The dam’s reservoir, which once provided benefits by trapping sediments, is now full. And for the last 90 years, its operators have failed to maintain the reservoir or take responsibility for its maintenance. When there is overflow or the dam’s gates are opened, sediment is released, smothering underwater grasses and oyster beds. Nutrients attached to the sediment feed algae blooms, which create anoxic conditions and block sunlight. Furthermore, the artificial timing of the gate openings creates massive influxes of fresh water. The depressed salinity levels and their lingering effects hinder oyster growth and survival. As the farm in closest proximity to the dam (our Chester River site), we have witnessed these prolonged and artificial freshets. Debris piled up behind the dam is also sent downstream, which can damage gear used for recreation, commercial fishing, and oyster farming.
Despite Maryland’s commitments to restore the Bay’s health, in 2019, the Maryland Department of Environment agreed to largely absolve Exelon of any responsibility for the dam’s impacts on the Bay’s water quality. As a result of this deal, the Federal Energy Regulatory Commission decided to ignore a 2018 water quality certification from MDE. And grant a new 50-year license to operate, with insufficient action from Exelon. However, the 2018 certification (issued under the Clean Water Act) included (subsequently ignored) provisions that MDE deemed necessary to ensure water quality under the CWA.
In December, the U.S. Court of Appeals for the D.C. Circuit found that ignoring the 2018 certification violated the Clean Water Act and vacated (threw out) the license. This is a win for the Bay.
Somewhat unsurprisingly, a Constellation Energy spokesperson claimed that those who care about the Bay should not cheer this decision. This refutes recent findings from the U.S. Environmental Protection Agency: that the majority of the Bay states are not on track to meet the 2025 water quality restoration goals under the Chesapeake Bay Total Maximum Daily Load – a multi-state clean-up effort to restore the health of the Bay and its local streams, creeks, and rivers. A key-missing piece of those efforts is addressing the pollution which enters the Bay from the Conowingo Dam’s operations.
Oyster farmers and watermen, who experience the dam’s impacts almost every time there is significant rainfall in the region, are breathing a hopeful sigh of relief after the Court’s decision. Although Maryland and Exelon once touted the environmental benefits that might have been realized under their 2019 agreement, they likely would have amounted to little in terms of pollution reduction. And by decreasing instream flow in hot summer months, would have actually worsened conditions for some aquatic species. Compounding it all, the impacts felt today are primed to become even more severe with increasing frequencies and intensities of storm events as a result of climate change.

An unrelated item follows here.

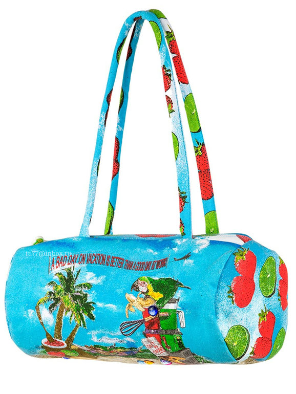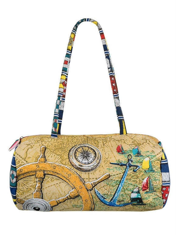 №90041. СУМКА ПЛЯЖНАЯ - 335р. Стильная летняя сумка оригинальной цилиндрической формы. Изделие имеет две ручки кручёного типа и застёжку-молнию, украшенную подвеской-корабликом. Модель дополнена потайным карманом на молнии. размер: 35*17cm Состав: 100% хлопок - верх, рисунок - ПВХ Цвет: принт большое путешествие

We must ensure that Constellation (a private utility profiting from a public resource) includes all appropriate water quality protections in their 50-year operating license. The new FERC license should uphold the 2018 certification, which would require Constellation to reduce nutrients and storm scour, and run the dam with operative flows for fish to survive below the dam. While the court’s decision is a win for the Bay, it is yet to be seen if the conditions of the original certification will impact the dam’s future operation. In the race against a thousand tiny cuts to the Bay’s health, this court decision represents triage for a major wound — it is still undecided if the resulting treatment will be sufficient to meet our collective public goals.